# Cover open or closed??



## johnnyb (May 14, 2012)

What is the best/right way to grill?  With the cover open or closed?  Don't grill much and never sure which way is the best.

Thanks


----------



## Savannahsmoker (May 14, 2012)

If I am grilling thin meat grill, which I seldom do, I leave it open.
All other times I grill with the lid closed.


----------



## Steve Kroll (May 14, 2012)

Depends on what you are cooking. If I'm cooking burgers or hot dogs, I usually leave the lid off. If I'm cooking something that requires retaining the heat - roasting a larger piece of meat, for example - then I cover the grill. Covering the grill also allows the meat to absorb some of the smoke, though from what I've read, if you're cooking something that takes less than 20 minutes, it won't matter much.


----------



## Andy M. (May 14, 2012)

I grill mostly closed lid.  Hot dogs and other precooked sausages open lid.  Especially if you're making cheeseburgers, the lid closed reflects the heat down so the is perfectly melted when the burger is done.


----------



## FrankZ (May 14, 2012)

I usually close the lid when grilling, partly for heat retention on longer cooks, but also to be double sure that there are no flying embers to set our house and yard (or our neighbors) on fire.

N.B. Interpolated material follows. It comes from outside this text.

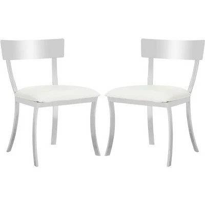 Inspired by the minimalist interiors of New York’s premiere modern art gallery, these contemporary side chairs (set of 2) bring a mark of distinction to the table. Its classic upholstery and shimmering metallic curves make it a designer favorite. Care Instructions: To prevent overall soiling, frequent vacuuming or light brushing is recommended. Cushions and pillows should be turned on a weekly basis. Down filled cushions should be brushed rather than vacuumed. Spot clean, using a mild water free solvent or dry cleaning product. Only a professional cleaner should undertake a complete overall cleaning. The use of steam or water based cleaners may cause excessive shrinking or staining.

True that!  Closed does help with melting the cheese!


----------



## justplainbill (May 14, 2012)

Initial cooking is done closed (cover on ~ 300+*F) and finishing is done uncovered (~500+*F)


----------



## pacanis (May 14, 2012)

Andy is spot on, lid down will reflect the heat back and melt any cheese. It will also help cook anything through faster, like if you put a frozen burger patty on to cook... like I did for lunch today. 
It really depends on lots of variables, like what you are cooking; what is your initial temp, are you only cooking one food, do you need to plan for something being finished on the stove...??? 
I never have a fixed lid up or down for anything, unless I am finishing off some melted cheese or keeping grilled items warm :^)


----------



## johnnyb (May 15, 2012)

It says that 6 people replied to my post but I do not see any replies?  I am new to this and thinking either no one replied or I haver  no clue how to see the reply.

HELP!!


----------



## johnnyb (May 15, 2012)

After writing that they popped up.


----------



## johnnyb (May 15, 2012)

Thamnks and hopefully I can get the hang of this


----------



## Chief Longwind Of The North (May 15, 2012)

I almost always cook on my Webber Charcoal grill with the lid closed.  One word of caution, if using charcoal; If the meat is very fatty, the closed lid (with vents open) can concentrate too much smoke, which is deposited as particulate matter on whatever you are grilling.  Though that smoke is what gives grilled meat that wonderful flavor, if there is too much of it, the excessive smoke can create a bitter, almost inedible flavor.  This happened to me once, when I added extra beef fat to the grill as I thought the meat had too little fat to create the smoke.  The particulate coating could litterally be rubbed off with your finger, and had to be washed off of the meat, which removed much of the seasoning as well.  The meal was pretty much ruined.

Normally, the smoke generated by the meats own fat, dripping onto the hot charcoal is just the right amount.

If you are using wood smoke to help flavor the grilled food, then covering the grill is a must.

Large chunks of meat need to have the grill covered, and sometimes with the vents half-closed to control the heat by starving the fire of oxygen.  I do this with crown roasts, brisket, and with whole turkeys, game hens, chickens, etc.  The grill then doubles as an oven, creating the hot environment to cook the meat through, and creates flavorfull smoke.

Seeeeeeya; Chief Longwind of the North


----------